Don’t Forget ERISA Disclosures
While entities exempt under the new rules do not have to self-certify or provide notice to the federal government pursuant to the accommodation process, those subject to ERISA must still abide by ERISA’s disclosure rules. This means that employers seeking to use the expanded exemption to eliminate coverage for contraceptive services must update plan documents and SPDs according to ERISA rules – including providing a timely summary of material modifications (SMM) to notify participants and beneficiaries of the change in benefits. (See our Reporting and Disclosure Guide for information on SMM and other disclosure requirements.)

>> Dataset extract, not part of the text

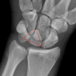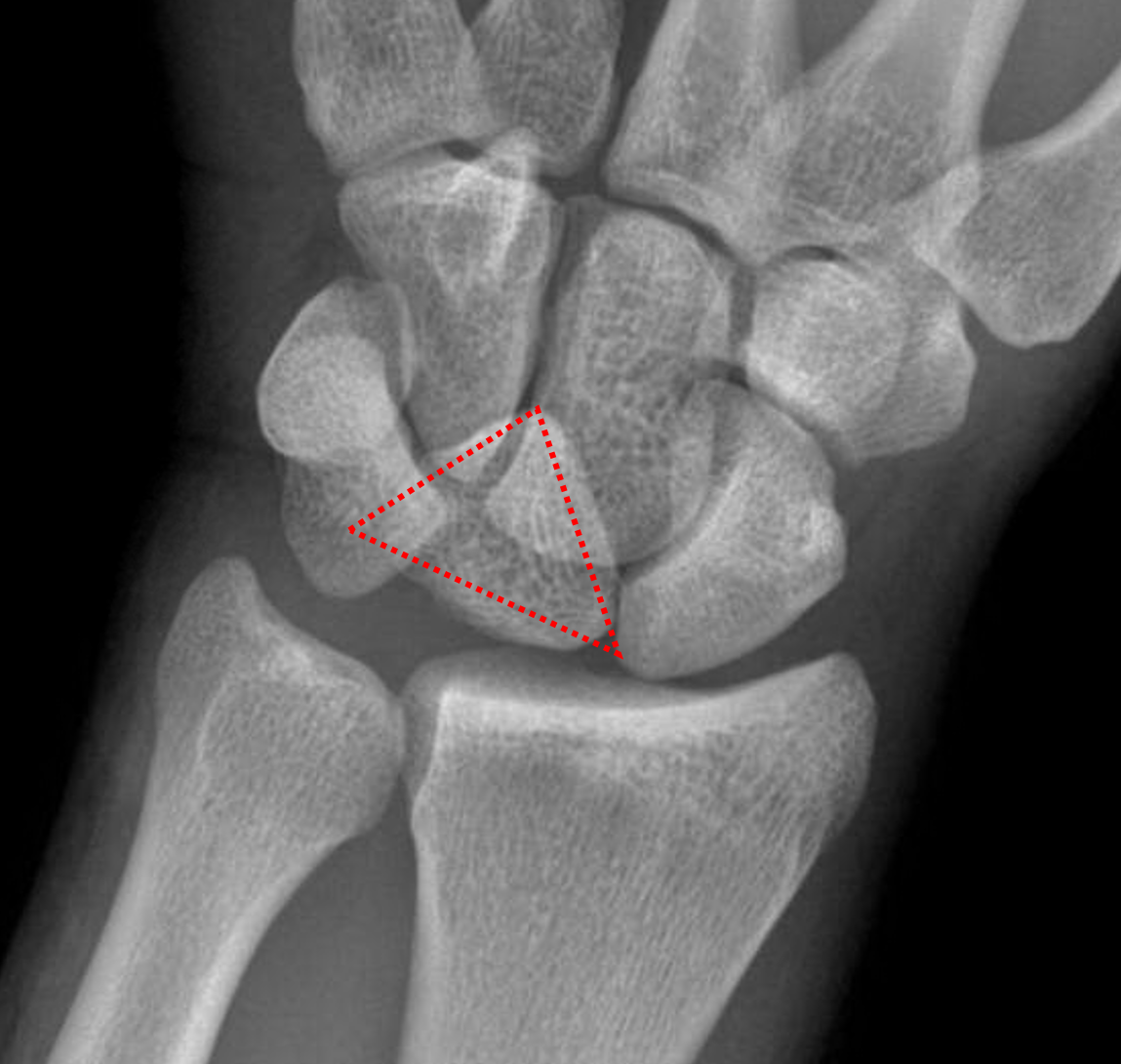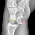 Greater (red line) and lesser (green line) carpal arcs. This is a normal wrist radiograph from a different patient. Lunate dislocation: triangular configuration of the lunate on the frontal view (red dotted lines) with the lunate abnormally overlapping the capitate and hamate, indicating capitolunate dislocation. Lunate dislocation: volar dislocation and tilt of the lunate (articular surface outline in red). Maintained radiocapitellar alignment with proximal migration of the capitate (articular surface outlined in yellow). Greater arc carpal dislocations in order of severity from left to right. Far left: normal. Left center: perilunate dislocation. Right center: midcarpal dislocation. Far right: lunate dislocation.

Shift In – Not End to – Litigation
The departments point to the unresolved RFRA litigation concerning the mandate as part of their rationale for re-examining the accommodations process, and they designed the interim final rules to address the concerns of the plaintiffs in those cases. (See our May 17, 2016 For Your Information on this litigation.) However, the new rules are expected to trigger another series of lawsuits challenging the rollback of contraceptive coverage requirements for affected employers. The American Civil Liberties Union (ACLU) has already sued, arguing that the interim final rules violate the Establishment and the Equal Protection Clause of the U.S. Constitution “by authorizing and promoting religiously motivated and other discrimination against women seeking reproductive health care.”
The interim final rules will not affect the majority of employer plans subject to the contraceptive coverage mandate. However, they will be of interest to employers with religious or moral objections to providing contraceptive coverage that were not previously covered by the exemption.